Before you finish, make sure every line below has been written out exactly.

----- Material shown

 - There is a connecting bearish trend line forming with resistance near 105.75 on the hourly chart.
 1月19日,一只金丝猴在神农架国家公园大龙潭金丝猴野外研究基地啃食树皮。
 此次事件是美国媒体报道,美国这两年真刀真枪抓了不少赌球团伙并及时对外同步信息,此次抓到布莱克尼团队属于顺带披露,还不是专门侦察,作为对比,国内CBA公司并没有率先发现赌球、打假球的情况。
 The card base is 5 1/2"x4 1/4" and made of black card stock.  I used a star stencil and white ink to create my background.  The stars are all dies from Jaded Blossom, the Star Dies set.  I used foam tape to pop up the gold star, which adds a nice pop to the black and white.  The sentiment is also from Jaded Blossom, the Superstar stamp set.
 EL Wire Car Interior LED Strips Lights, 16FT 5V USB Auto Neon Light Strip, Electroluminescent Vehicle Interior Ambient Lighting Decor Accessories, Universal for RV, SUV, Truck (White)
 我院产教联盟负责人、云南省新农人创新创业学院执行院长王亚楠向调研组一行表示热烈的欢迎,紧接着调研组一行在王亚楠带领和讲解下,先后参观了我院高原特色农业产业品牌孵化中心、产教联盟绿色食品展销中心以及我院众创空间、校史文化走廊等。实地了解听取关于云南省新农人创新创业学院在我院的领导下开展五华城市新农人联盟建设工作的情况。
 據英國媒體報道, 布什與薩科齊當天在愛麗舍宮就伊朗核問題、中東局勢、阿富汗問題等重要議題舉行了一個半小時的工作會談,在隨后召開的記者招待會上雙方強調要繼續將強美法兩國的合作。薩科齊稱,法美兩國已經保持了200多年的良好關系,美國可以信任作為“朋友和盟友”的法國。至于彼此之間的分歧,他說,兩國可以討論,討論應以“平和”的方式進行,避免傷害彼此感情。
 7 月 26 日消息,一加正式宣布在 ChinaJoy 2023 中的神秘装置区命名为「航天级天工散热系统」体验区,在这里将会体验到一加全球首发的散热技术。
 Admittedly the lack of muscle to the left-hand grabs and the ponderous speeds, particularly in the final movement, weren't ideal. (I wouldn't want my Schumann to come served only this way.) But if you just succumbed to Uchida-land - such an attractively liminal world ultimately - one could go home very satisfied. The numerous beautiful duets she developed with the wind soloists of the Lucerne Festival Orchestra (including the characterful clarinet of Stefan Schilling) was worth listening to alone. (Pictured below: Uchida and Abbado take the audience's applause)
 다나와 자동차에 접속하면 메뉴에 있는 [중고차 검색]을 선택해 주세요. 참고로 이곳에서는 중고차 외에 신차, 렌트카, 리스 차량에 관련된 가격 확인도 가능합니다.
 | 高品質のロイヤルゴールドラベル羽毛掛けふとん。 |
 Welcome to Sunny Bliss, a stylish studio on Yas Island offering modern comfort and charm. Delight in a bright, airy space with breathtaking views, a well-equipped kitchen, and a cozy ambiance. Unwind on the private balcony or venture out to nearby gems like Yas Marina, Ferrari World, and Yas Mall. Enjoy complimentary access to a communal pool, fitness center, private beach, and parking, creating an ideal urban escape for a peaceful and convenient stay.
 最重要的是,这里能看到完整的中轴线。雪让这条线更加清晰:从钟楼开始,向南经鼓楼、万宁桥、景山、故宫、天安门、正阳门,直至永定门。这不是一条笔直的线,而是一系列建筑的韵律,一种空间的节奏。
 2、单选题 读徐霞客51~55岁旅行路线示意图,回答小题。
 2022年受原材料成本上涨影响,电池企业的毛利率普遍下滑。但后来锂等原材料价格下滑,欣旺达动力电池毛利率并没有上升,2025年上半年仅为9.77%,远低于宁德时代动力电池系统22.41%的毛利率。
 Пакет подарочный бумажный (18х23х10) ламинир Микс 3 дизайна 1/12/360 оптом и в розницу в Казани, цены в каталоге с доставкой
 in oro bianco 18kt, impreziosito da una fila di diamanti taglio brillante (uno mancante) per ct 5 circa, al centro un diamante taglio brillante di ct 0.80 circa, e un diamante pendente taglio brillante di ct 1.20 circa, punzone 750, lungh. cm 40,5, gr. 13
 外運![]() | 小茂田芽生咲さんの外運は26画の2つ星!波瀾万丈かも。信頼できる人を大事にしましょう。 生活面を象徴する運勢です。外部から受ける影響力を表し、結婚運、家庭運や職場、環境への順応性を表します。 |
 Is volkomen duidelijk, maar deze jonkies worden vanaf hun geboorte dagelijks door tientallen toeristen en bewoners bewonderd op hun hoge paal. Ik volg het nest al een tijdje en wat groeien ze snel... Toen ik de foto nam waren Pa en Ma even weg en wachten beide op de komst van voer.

----------

_Expected answer_.
 - There is a connecting bearish trend line forming with resistance near 105.75 on the hourly chart.
 1月19日,一只金丝猴在神农架国家公园大龙潭金丝猴野外研究基地啃食树皮。
 此次事件是美国媒体报道,美国这两年真刀真枪抓了不少赌球团伙并及时对外同步信息,此次抓到布莱克尼团队属于顺带披露,还不是专门侦察,作为对比,国内CBA公司并没有率先发现赌球、打假球的情况。
 The card base is 5 1/2"x4 1/4" and made of black card stock.  I used a star stencil and white ink to create my background.  The stars are all dies from Jaded Blossom, the Star Dies set.  I used foam tape to pop up the gold star, which adds a nice pop to the black and white.  The sentiment is also from Jaded Blossom, the Superstar stamp set.
 EL Wire Car Interior LED Strips Lights, 16FT 5V USB Auto Neon Light Strip, Electroluminescent Vehicle Interior Ambient Lighting Decor Accessories, Universal for RV, SUV, Truck (White)
 我院产教联盟负责人、云南省新农人创新创业学院执行院长王亚楠向调研组一行表示热烈的欢迎,紧接着调研组一行在王亚楠带领和讲解下,先后参观了我院高原特色农业产业品牌孵化中心、产教联盟绿色食品展销中心以及我院众创空间、校史文化走廊等。实地了解听取关于云南省新农人创新创业学院在我院的领导下开展五华城市新农人联盟建设工作的情况。
 據英國媒體報道, 布什與薩科齊當天在愛麗舍宮就伊朗核問題、中東局勢、阿富汗問題等重要議題舉行了一個半小時的工作會談,在隨后召開的記者招待會上雙方強調要繼續將強美法兩國的合作。薩科齊稱,法美兩國已經保持了200多年的良好關系,美國可以信任作為“朋友和盟友”的法國。至于彼此之間的分歧,他說,兩國可以討論,討論應以“平和”的方式進行,避免傷害彼此感情。
 7 月 26 日消息,一加正式宣布在 ChinaJoy 2023 中的神秘装置区命名为「航天级天工散热系统」体验区,在这里将会体验到一加全球首发的散热技术。
 Admittedly the lack of muscle to the left-hand grabs and the ponderous speeds, particularly in the final movement, weren't ideal. (I wouldn't want my Schumann to come served only this way.) But if you just succumbed to Uchida-land - such an attractively liminal world ultimately - one could go home very satisfied. The numerous beautiful duets she developed with the wind soloists of the Lucerne Festival Orchestra (including the characterful clarinet of Stefan Schilling) was worth listening to alone. (Pictured below: Uchida and Abbado take the audience's applause)
 다나와 자동차에 접속하면 메뉴에 있는 [중고차 검색]을 선택해 주세요. 참고로 이곳에서는 중고차 외에 신차, 렌트카, 리스 차량에 관련된 가격 확인도 가능합니다.
 | 高品質のロイヤルゴールドラベル羽毛掛けふとん。 |
 Welcome to Sunny Bliss, a stylish studio on Yas Island offering modern comfort and charm. Delight in a bright, airy space with breathtaking views, a well-equipped kitchen, and a cozy ambiance. Unwind on the private balcony or venture out to nearby gems like Yas Marina, Ferrari World, and Yas Mall. Enjoy complimentary access to a communal pool, fitness center, private beach, and parking, creating an ideal urban escape for a peaceful and convenient stay.
 最重要的是,这里能看到完整的中轴线。雪让这条线更加清晰:从钟楼开始,向南经鼓楼、万宁桥、景山、故宫、天安门、正阳门,直至永定门。这不是一条笔直的线,而是一系列建筑的韵律,一种空间的节奏。
 2、单选题 读徐霞客51~55岁旅行路线示意图,回答小题。
 2022年受原材料成本上涨影响,电池企业的毛利率普遍下滑。但后来锂等原材料价格下滑,欣旺达动力电池毛利率并没有上升,2025年上半年仅为9.77%,远低于宁德时代动力电池系统22.41%的毛利率。
 Пакет подарочный бумажный (18х23х10) ламинир Микс 3 дизайна 1/12/360 оптом и в розницу в Казани, цены в каталоге с доставкой
 in oro bianco 18kt, impreziosito da una fila di diamanti taglio brillante (uno mancante) per ct 5 circa, al centro un diamante taglio brillante di ct 0.80 circa, e un diamante pendente taglio brillante di ct 1.20 circa, punzone 750, lungh. cm 40,5, gr. 13
 外運![]() | 小茂田芽生咲さんの外運は26画の2つ星!波瀾万丈かも。信頼できる人を大事にしましょう。 生活面を象徴する運勢です。外部から受ける影響力を表し、結婚運、家庭運や職場、環境への順応性を表します。 |
 Is volkomen duidelijk, maar deze jonkies worden vanaf hun geboorte dagelijks door tientallen toeristen en bewoners bewonderd op hun hoge paal. Ik volg het nest al een tijdje en wat groeien ze snel... Toen ik de foto nam waren Pa en Ma even weg en wachten beide op de komst van voer.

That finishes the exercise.